Words || Masumi Parmar
Before anything else, I just want to say thank you.
Thank you for being so convenient, even with your overpriced vending machines and expensive laundry services.
Thank you for being just close enough to university, and even closer to the gym (as if I ever made use of that), that if I really wanted to, I could wake up 20 minutes before class started and still make it on time.
Thank you for housing other remarkable people who ended up becoming my home away from home.
If I ever felt like I didn’t know anyone in Sydney, and that I was sad and alone, all I had to do was take a walk through the Village. I’d be able to share smiles and nods with random other people that I recognised from the party the night before or the getty at the admin a week ago.
There were people everywhere.
I made friends easily; friendships that started from convenience but ended up lasting years.
Not to mention the fact that Wi-Fi, electricity and water were included in our rent.
Truly a blessing.
It’s been beautiful but as all letters go, we start with our happy times.
And then we need to come to the core of it: the reasons why we had to break up.
I hate to say this, but it started with your colour scheme.
Orange and grey? Really? I do wish you’d thought that one through.
The lack of windows is concerning, too – you felt like a tiny cell at the best of times.
Every morning I’d wake up and let the light shine through my room. I’d walk downstairs, say hello to our spider friends (the ones that weren’t kicked out, no matter how many times I lodged a complaint on you) and just sit outside for a few minutes.
I’d bask in the sunlight for a few minutes, before the creepy crawlies came to say hello and my neighbours started blasting music at 9am, signalling to everyone that they were awake.
Upon going back inside, more often than not a little bird would catch my eye and so I’d run back inside to grab those nasty ends of the loaf (which I never really eat anyways).
The amount of wildlife I saw during my year and bit with you was truly unforgettable. Birds flocked to you every morning, as though you were a Disney Princess.
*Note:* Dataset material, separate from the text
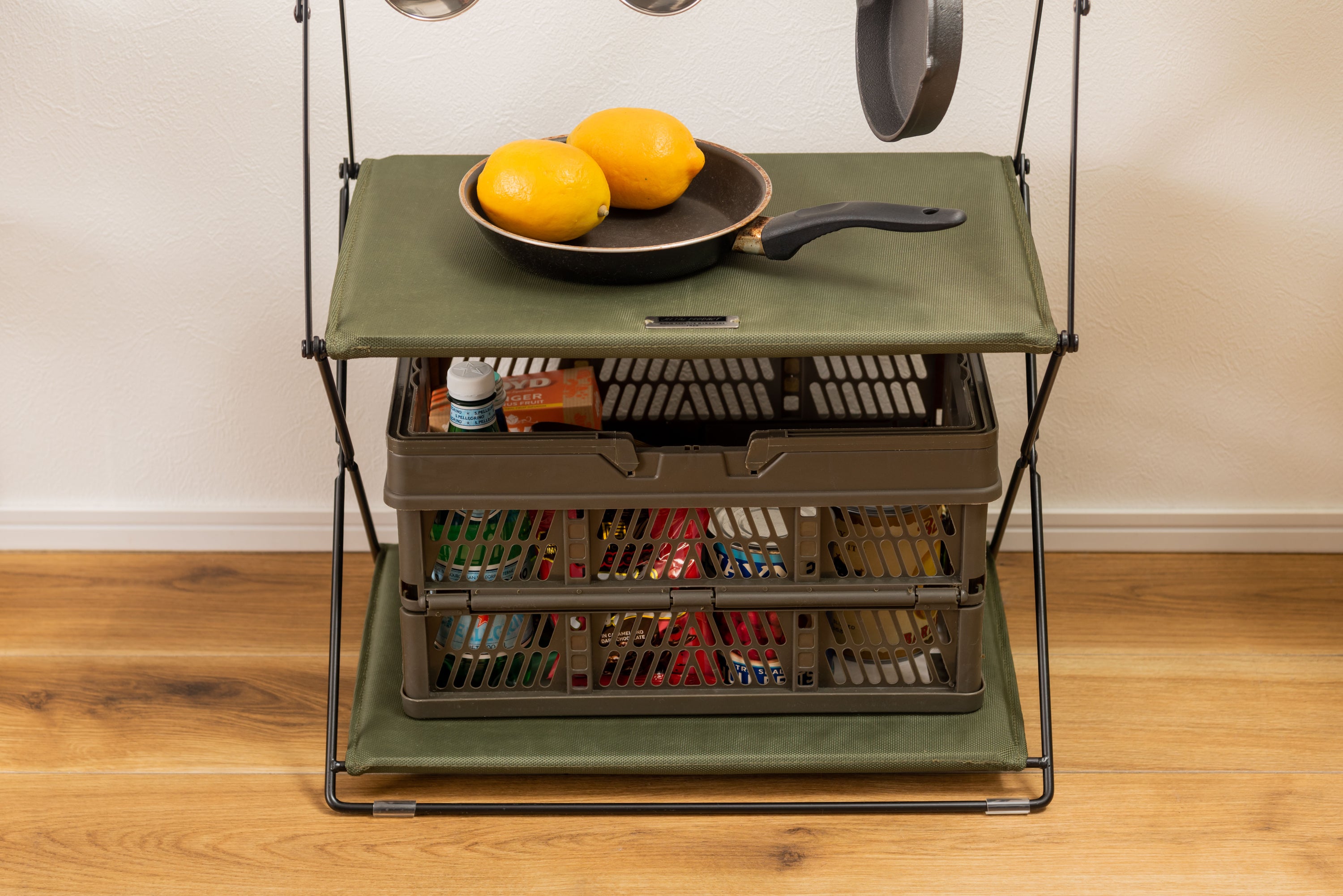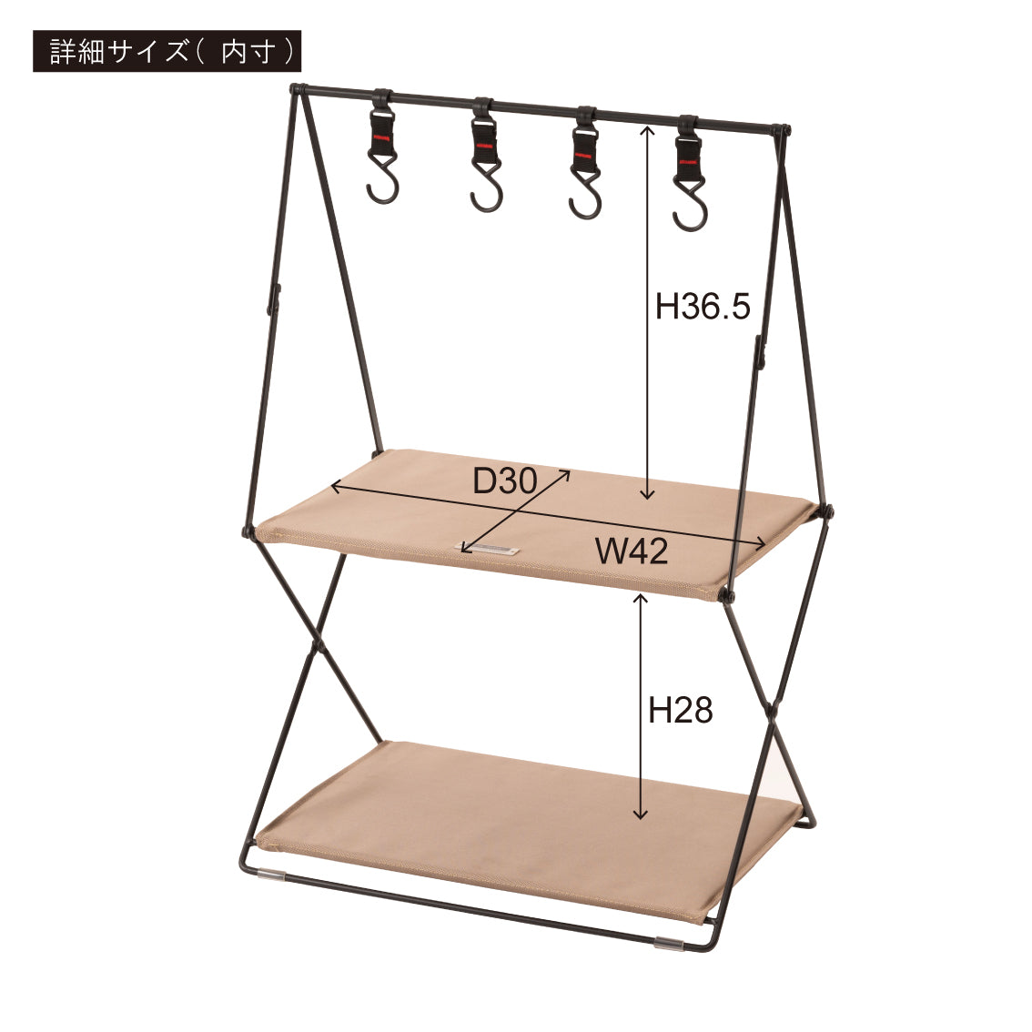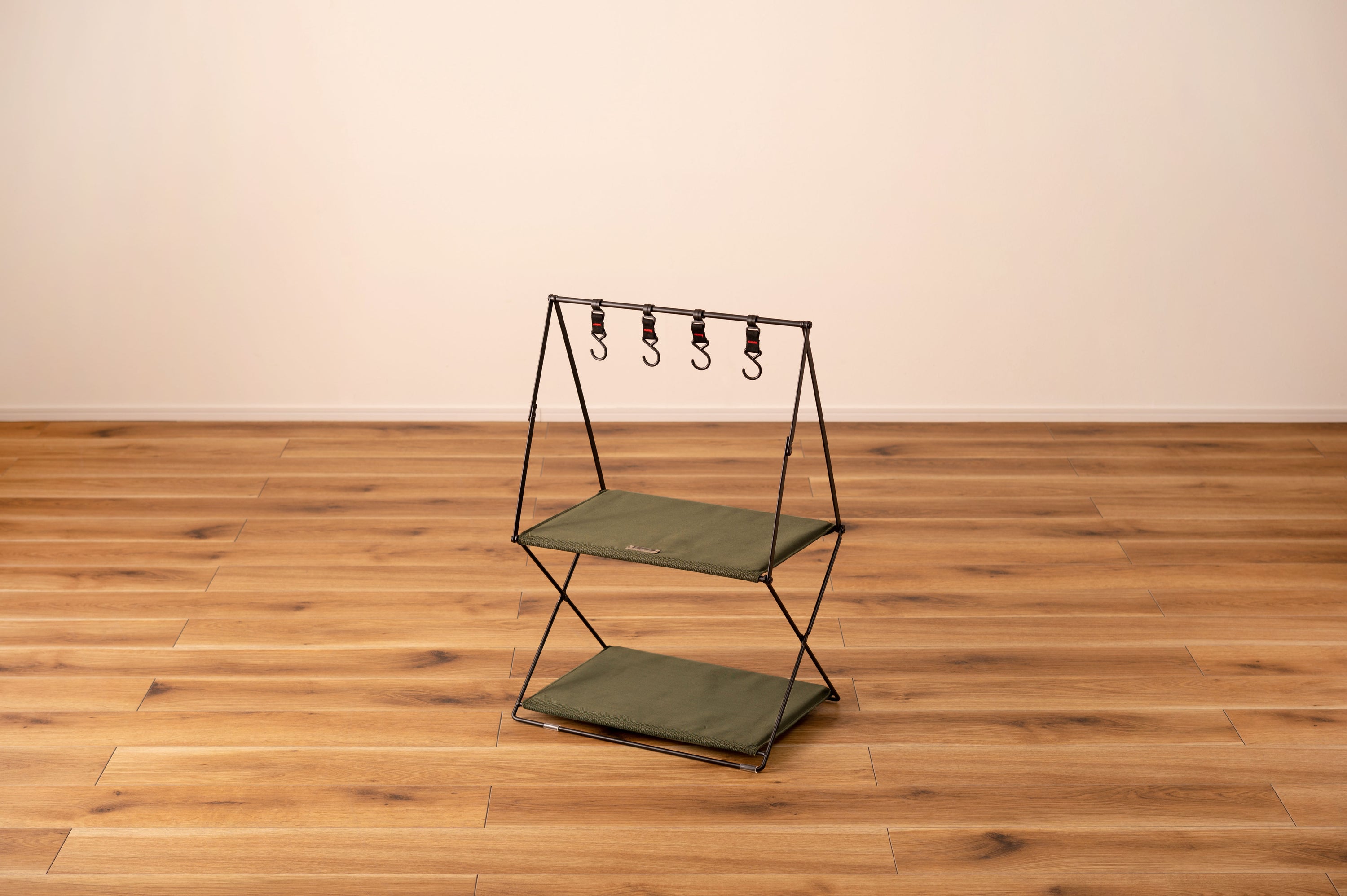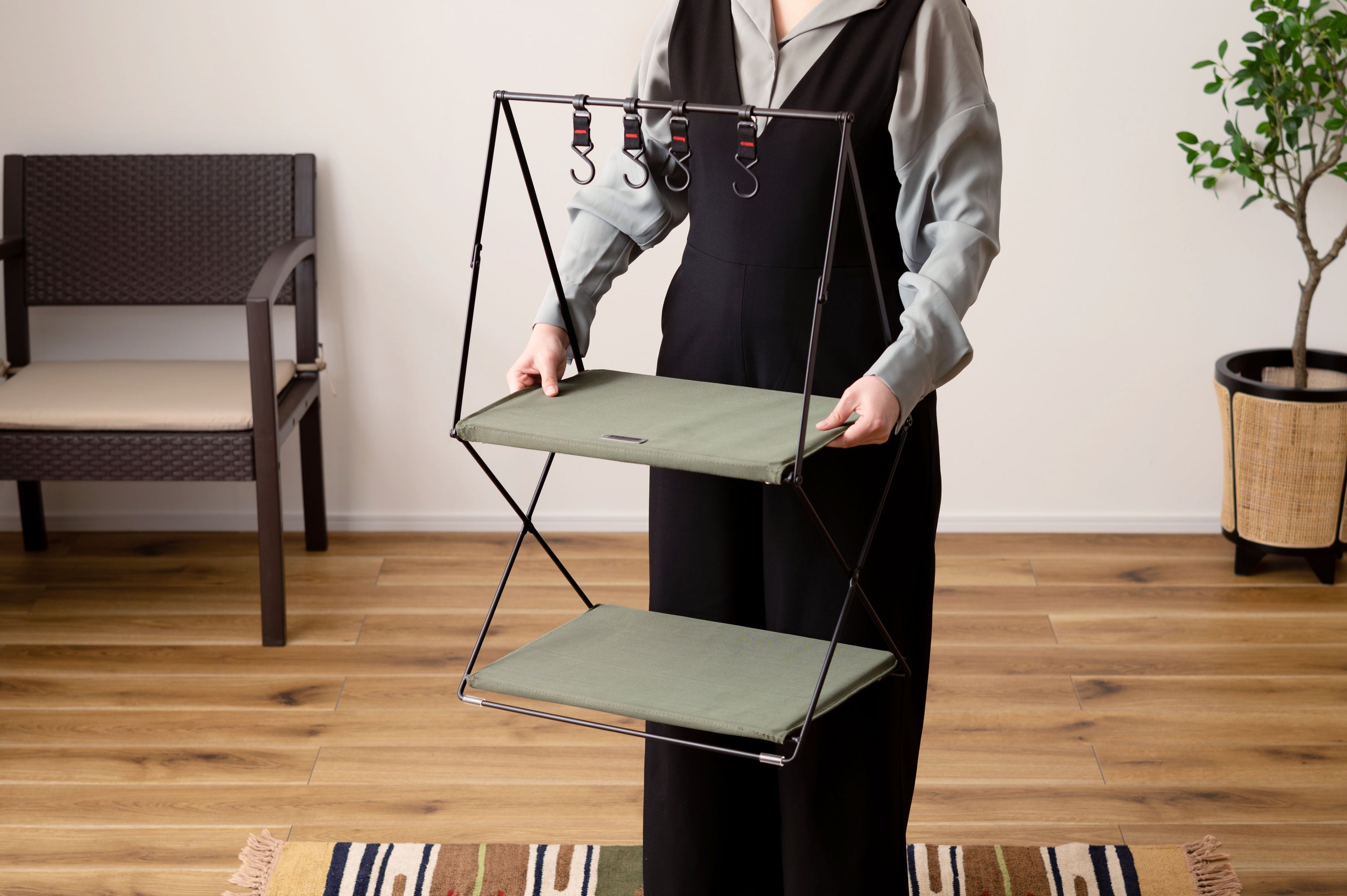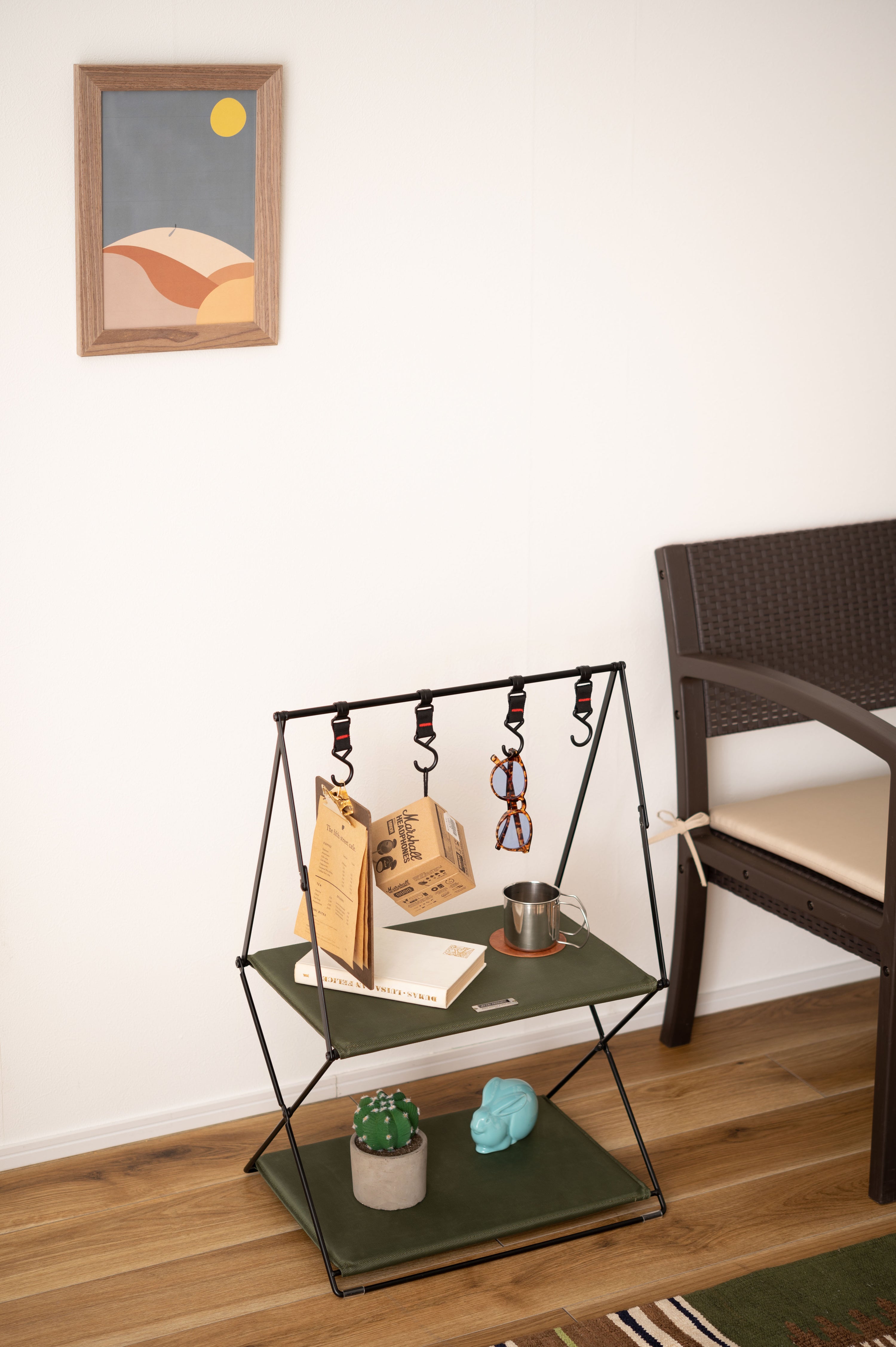 あらゆる場所でマルチに使える折りたたみハンギングラックです。場所を選ばず、散らかりがちな小物類を手軽にまとめて収納できます。4つのフックが付いているので、様々な物を手軽に掛けることができます。アウトドア・キャンプル・レジャーはもちろん、屋内の使用でも大活躍します。コンパクトに折りたたむことができるので移動や収納も邪魔になりません。
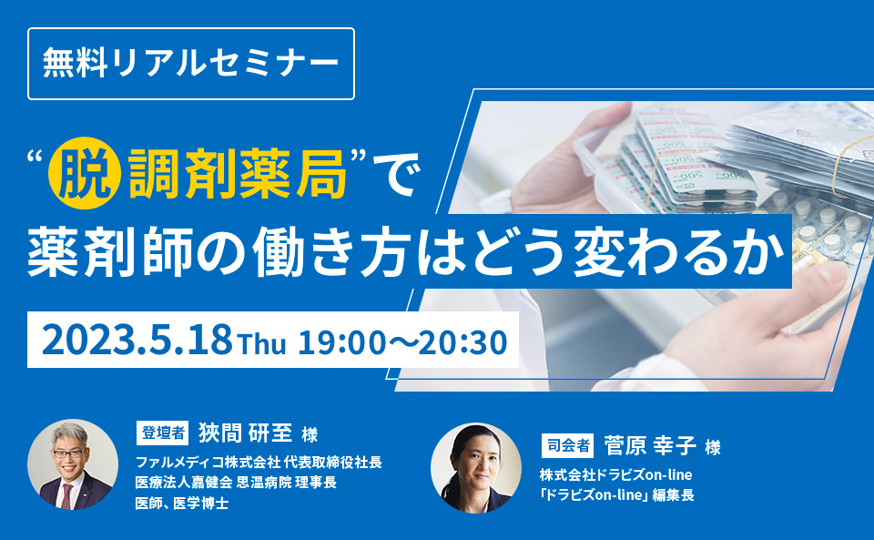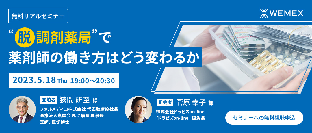 本セミナーでは、狭間氏のこれまでの取り組みや昨今の政策動向への見解、薬局DXの導入事例などを交えつつ、「“脱調剤薬局”で薬剤師の働き方はどう変わるか」についてご講演いただきます。

I made friends with a little wombat one night – and by friends, I mean I stood at a safe distance on my tippy toes and waved, and it didn’t attack me. It was beautiful.
You weren’t all bad. Really, you weren’t.
The million parties were fun but fuck, if I had to sleep early that night they became the bane of my existence.
The lax security had its perks and downfalls.
It was great for my budding relationship, we had the best memories in that room. The convenience of a connected bathroom and privacy (other than the ridiculously thin walls of course) was wonderful.
But that was also thanks to the housemates I had. The ones we didn’t get to pick – who were maddeningly unfriendly?
I appreciated that too at times – at least when I got home I didn’t have to socialise. But when I needed a hand it became yet another downfall.
The lax security made it easy for creeps to follow me home. Men who would yell at me through the mosquito net and nearly break the front door knocking for attention. Loud enough for my neighbours to hear but not for security to rush over.
It didn’t help that security took ages to show up, even when called. But that’s a story for another time.
Aesthetically, there is little to criticise about you. You were beautiful, and I loved the view outside my home. The lush greenery, the languid lake. It helped when my mates and I needed to get out of the house to prevent our brains from feeling trapped. The magic of waking up to so much was beautiful. It’s one thing I miss the very most about you.
You were convenient and confusing. But you know what, you were a good stepping stone. I won’t forget you.